Cook signed out of the site and returned to his email, weeding out the rest of the junk. He set up an out-of-office reply to cover holiday he was taking in a few days and moved on to his most recent message, marked
‘Urgent: BBC News Channel!'
It was sent by Henry Gray, the
Widescreen
Editor-In-Chief. Gray was supposed to oversee the magazine's overall output. In theory, he was the head chef at the pass – the final line of defence for content quality control, editorial reputation and studio relations. In reality, he hopped in and out of the office seemingly at will, being careful to wave a hand over the glamorous decisions – cover presentation, feature headlines, photo-shoots – but lying low for any political fallout or strenuous deadlines. The email was a direct appeal from Gray to Cook, asking him to appear, on behalf of ‘the brand', on a BBC News item about the forthcoming Academy Awards. Cook had just finished reading, when Gray called from the other side of the open-plan office.

“Dorian, did you get my mail about the BBC thing?”

“Yes. Just looking now.”

“I imagine you're not crazy about this, but you know the Oscars and no-one else is available.”

“I'm just shocked you didn't ask me first, instead of as a last resort!” bantered Cook.

Buried inside his levity, Cook's use of the word ‘ask' was keenly honed passive-aggression, implying that the situation was negotiable. (Technically, this was true – Gray's credibility as line-manager was hardly robust.) His reply was postponed by the arrival of the magazine's publisher Laura Porter – frantic, mid-thirties, and, for a professional talker and hawker (she preferred ‘marketeer') cursed with a blaring halitosis. As ever, she swished in with twinkly but strained fervour, like a supply teacher eager to connect with a problem class.

“Hi, guys!”

There was a surly chorus of acknowledgement. Cook barely bothered to raise his head. Most publishers, insisted the standard editorial wisdom, were overpaid accountants who knew the price of everything and the value of nothing. Porter simply knew nothing. As one-eyed ruler in the kingdom of the blind, she would have driven her subjects to revolt and revert to an unsighted leader. She was a jabbering ticker-tape of management cliche – ‘actioning' this, ‘escalating' that, ‘facilitating' the other. She either absorbed ideas from the magazine staff and fed them upwards to the senior directors, or adopted business-level decisions from above and dribbled them back down to the magazine team, each time passing off the work as her own making. Porter was fastidious over everyone else's process and time management, but comically relaxed about her own. The days when she would mysteriously fall out of all contact were particularly ominous, and usually led to some grand new scheme or drive – as ever, clearly funnelled from upper management.

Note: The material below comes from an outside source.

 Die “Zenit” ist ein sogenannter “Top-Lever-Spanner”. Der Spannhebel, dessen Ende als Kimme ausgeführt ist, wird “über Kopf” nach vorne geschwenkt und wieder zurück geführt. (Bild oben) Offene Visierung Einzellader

“Daisy?” Porter addressed the Online Editor. “Can I borrow you for a second?”

It was a frequent epithet which always made Cook shudder with irritation. As Porter and Daisy moved into a meeting room, Gray shouted over.

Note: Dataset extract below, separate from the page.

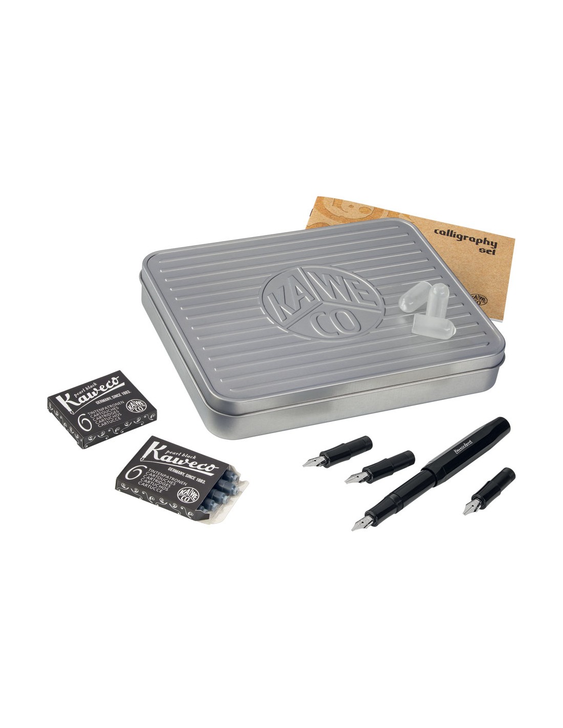 Bei Kaweco können Sie sich, passend zu Ihren Wünschen, für verschiedene Tools zum schönen Schreiben entscheiden. Das Kalligrafie-Set Schwarz zum schönen Schreiben in vier Strichstärken besteht aus einem Sport Füllhalter (1,1 mm), drei wechselbaren Griffstücken (1,5 mm, 1,9mm und 2,3 mm), drei Schutzkappen und zwei 6-Pack Tintenpatronenschachteln in der Farbe Perlenschwarz.
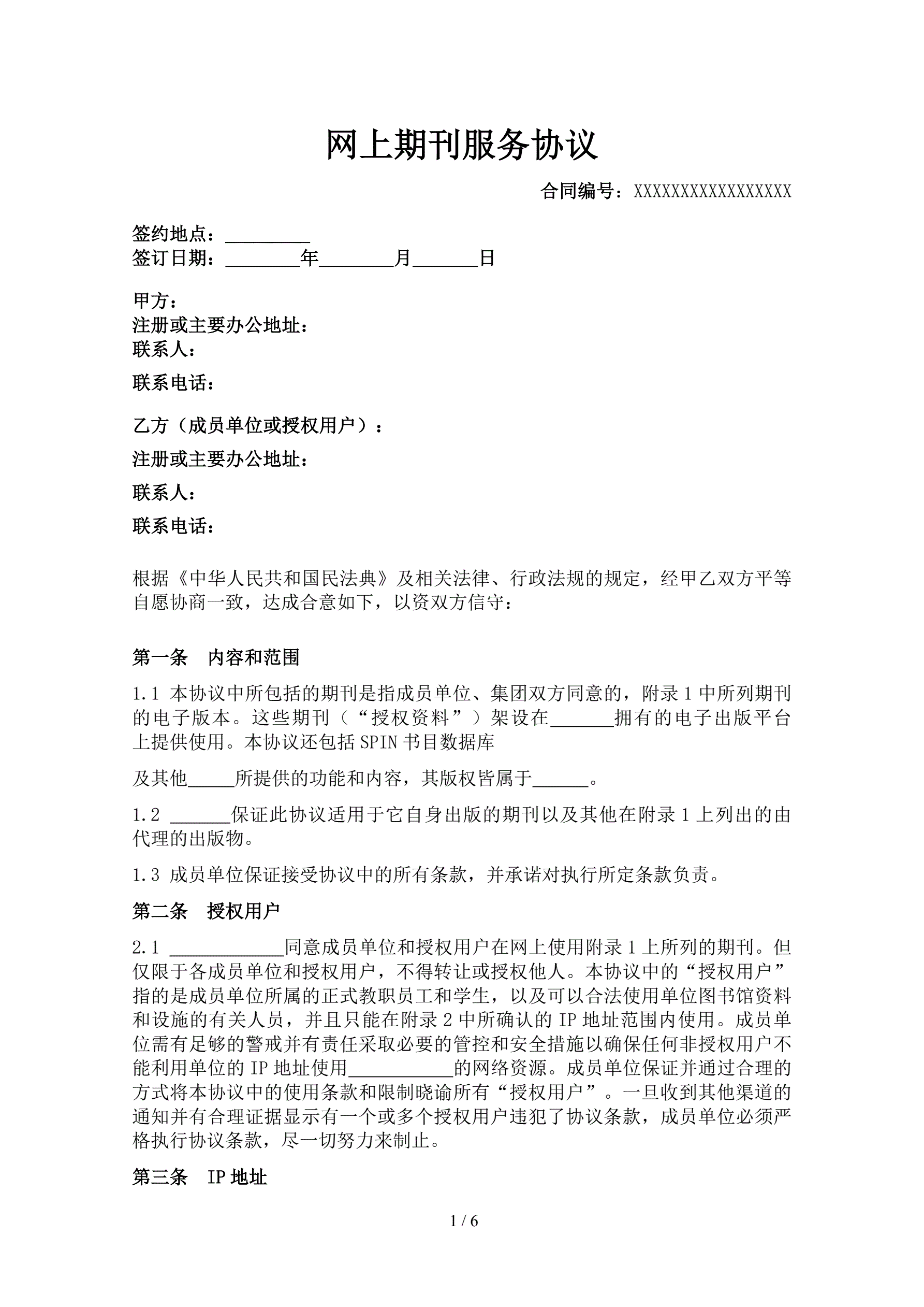 网上期刊服务协议

“So, are you clear to do that telly, Dorian? Details are all at the end of the email.”

This now sounded more like delegation. Cook was clearly being advised – rather than invited – to accept. Gray pulled back slightly.

“Please? It'll be an easy gig. They just want an expert voice on the Oscar chances of the Whiteley movie. I think you'd be the best person to do it.”

“The
only
person.”

Gray absorbed the sulk without comment.

Cook had taken a media training course a couple of years ago, where he had learned how to steer a conversation towards prepared comment instead of letting an interviewer lead a discussion. “You should sit down with your own agenda,” explained the instructor, “and stick to it. Talk about what
you
want to talk about, not what they want you to talk about.” Cook was good at radio, but TV made him selfconscious and stammery. Apart from hating the unforgiving lights and the unerring stare of the cameras, he had a tendency to gum up on detail – once, embarrassingly, having to refer to a note in his pocket when asked about an actor's age. Cook's skills were solitary, not social. He was a decent writer, but a stumbling speaker.

“And there's really no-one else?”

Gray regarded him, pressuring with silence.

“OK. But what if I'm off sick?”

“Then I'll know you're faking,” said Gray.